▶ **Raw data**
··········

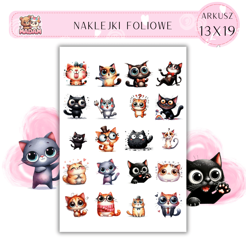 Naklejki Foliowe Zabawne Koty 13x19, Madam
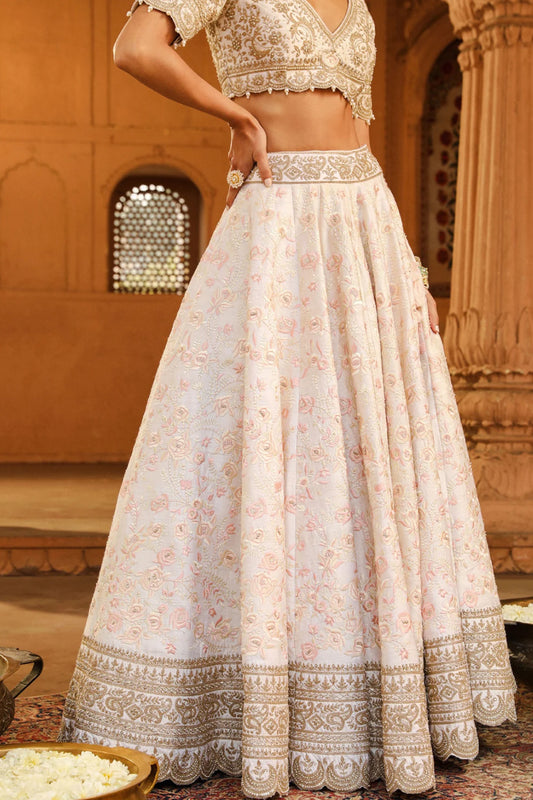 Aarif - Daisy Ivory Lehenga set with Odhni
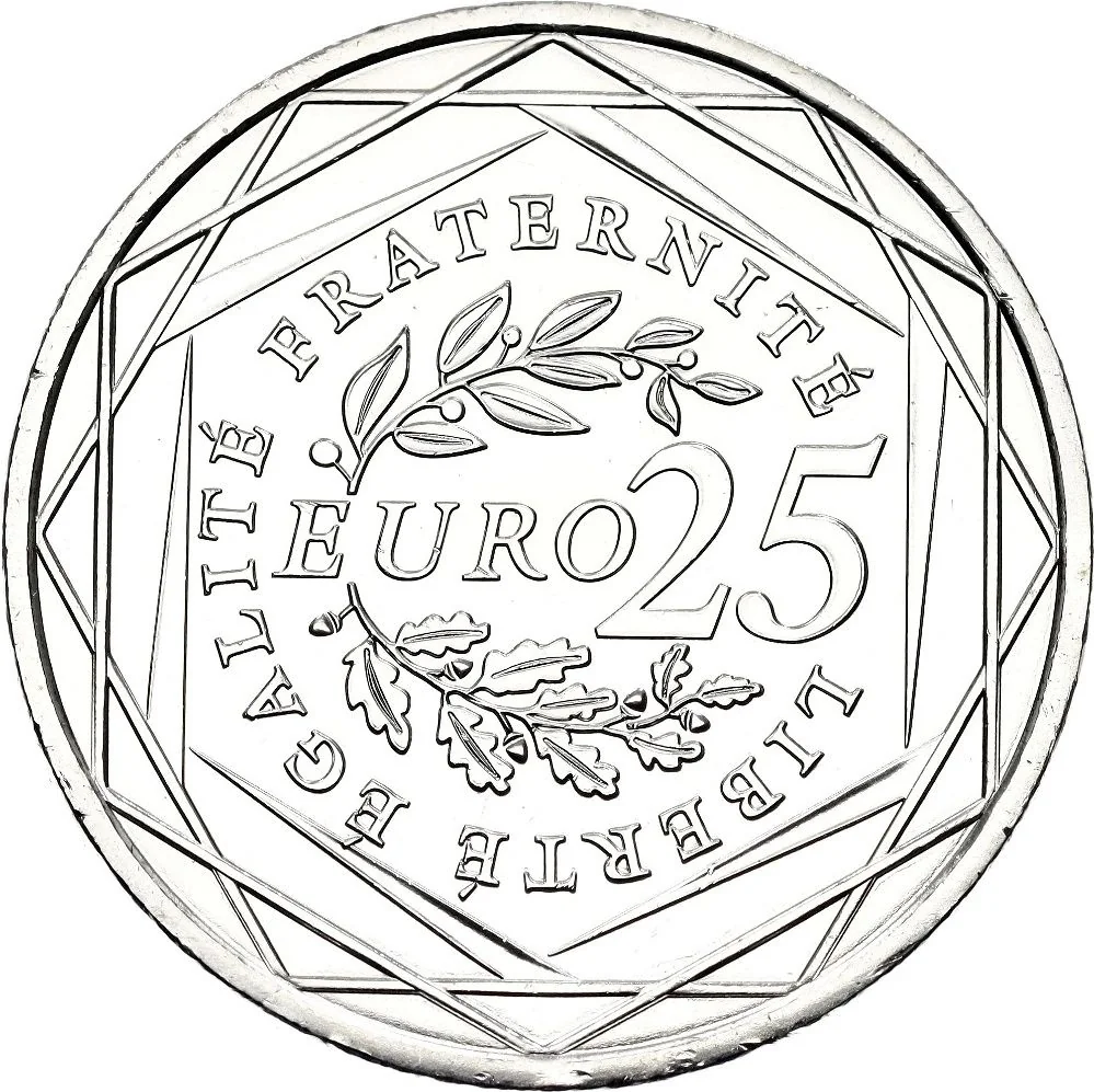 A laurel and oak branch frame the face value, encircled by the French motto and three hexagons.
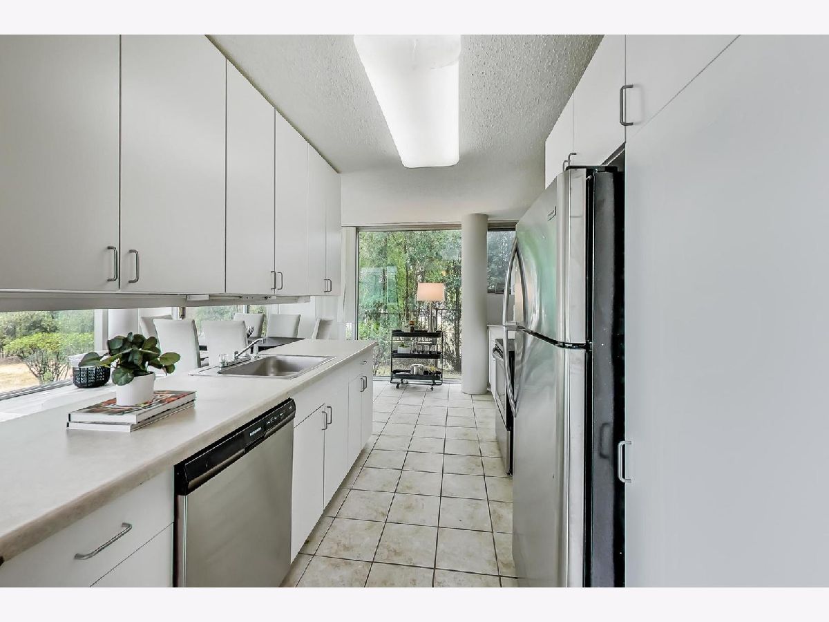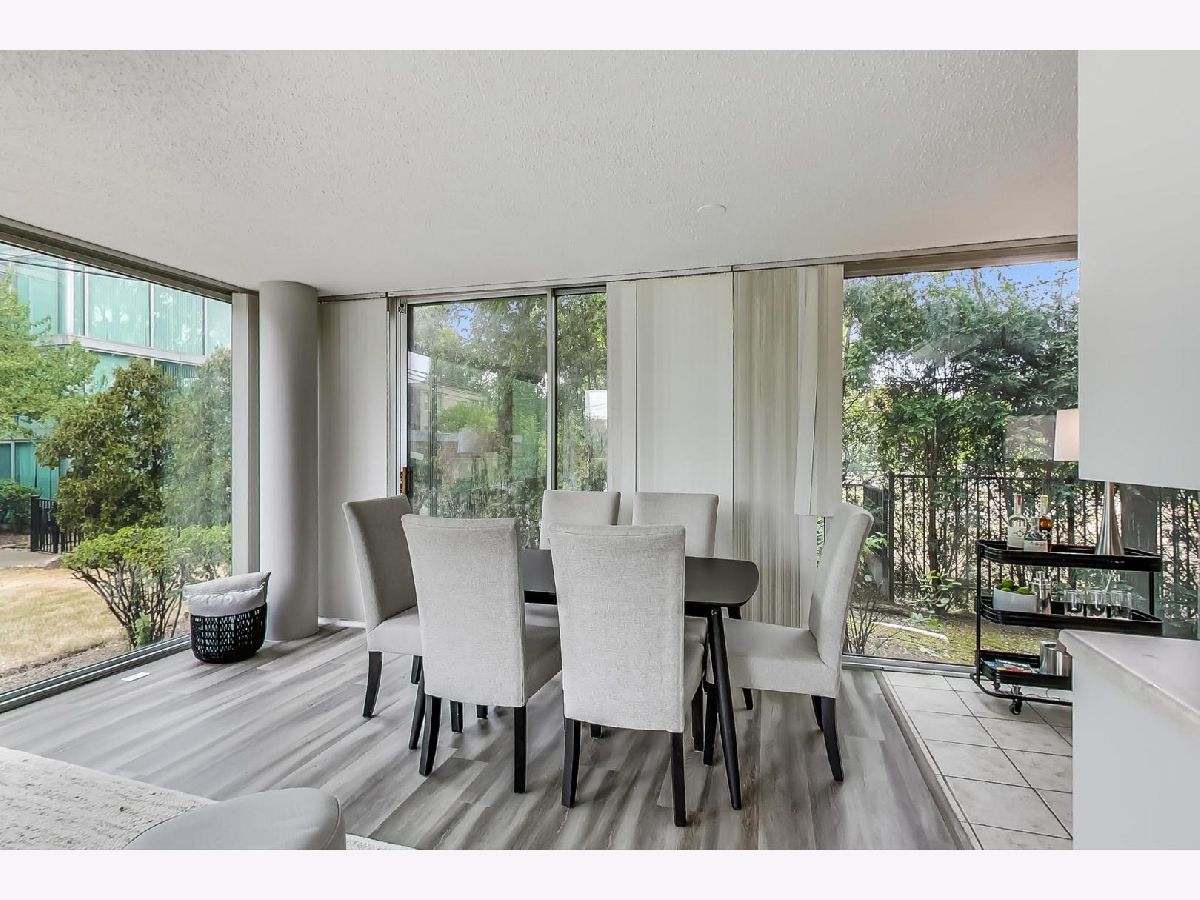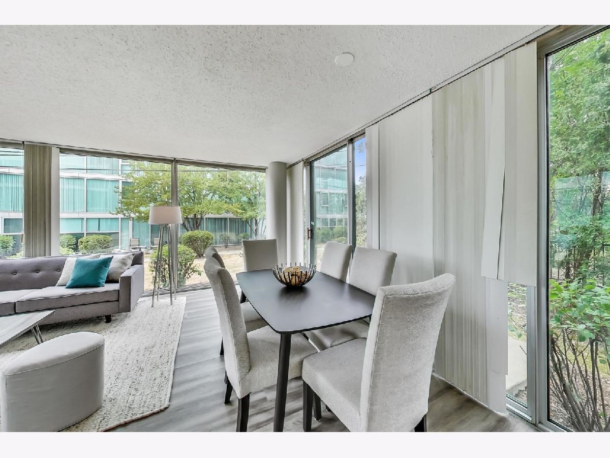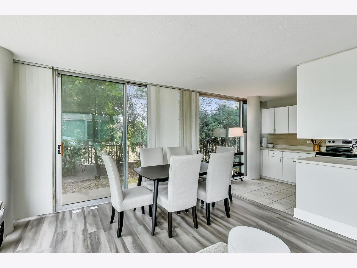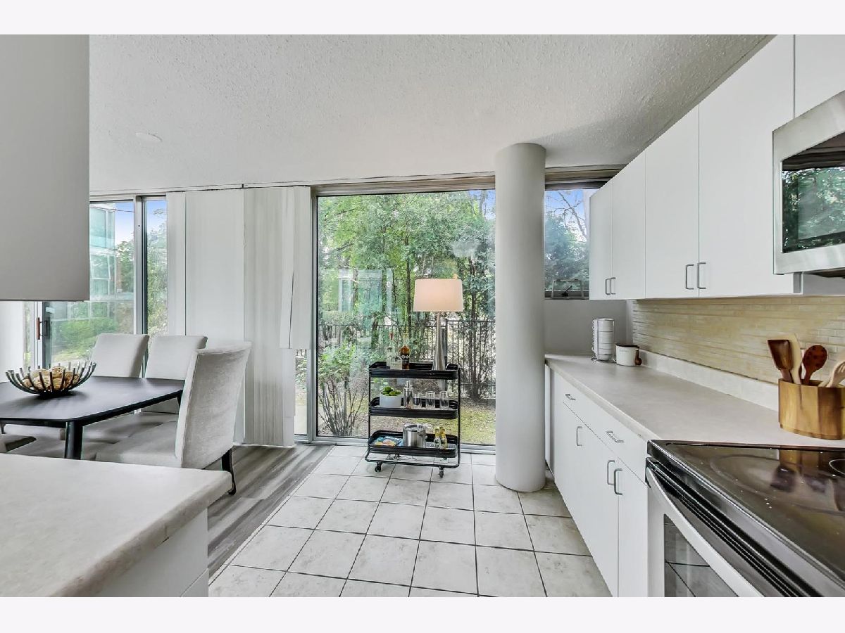 Fantastic modern 2 bed/2 bath residence. Open floor plan with floor to ceiling windows in living/dining/kitchen. Kitchen features stainless steel appliances, tile backsplash and tons of storage. Plenty of room in the living/dining space for larger furniture and large dining table. Concrete patio through sliding glass door adjacent to living/dining room. Primary suite includes walk-in closet and bathroom with standup shower and large vanity (currently single, but room for 2nd sink). Brand new luxury vinyl plank flooring throughout, custom paint job, full-size side-by-side washer/dryer, great storage in unit. Building has 1 heated garage space (included), storage cage (included), indoor pool, party room, rooftop deck, and exercise facilities. Assessment includes heat, cooking gas, pool, exercise facilities, parking, etc. Gorgeous unit ready for you to call home.

··········

▶ **Instructions for the task**
Output the material word for word, and keep the pictures out.

▶ **Result of the task**
 Naklejki Foliowe Zabawne Koty 13x19, Madam
 Aarif - Daisy Ivory Lehenga set with Odhni
 A laurel and oak branch frame the face value, encircled by the French motto and three hexagons.
 Fantastic modern 2 bed/2 bath residence. Open floor plan with floor to ceiling windows in living/dining/kitchen. Kitchen features stainless steel appliances, tile backsplash and tons of storage. Plenty of room in the living/dining space for larger furniture and large dining table. Concrete patio through sliding glass door adjacent to living/dining room. Primary suite includes walk-in closet and bathroom with standup shower and large vanity (currently single, but room for 2nd sink). Brand new luxury vinyl plank flooring throughout, custom paint job, full-size side-by-side washer/dryer, great storage in unit. Building has 1 heated garage space (included), storage cage (included), indoor pool, party room, rooftop deck, and exercise facilities. Assessment includes heat, cooking gas, pool, exercise facilities, parking, etc. Gorgeous unit ready for you to call home.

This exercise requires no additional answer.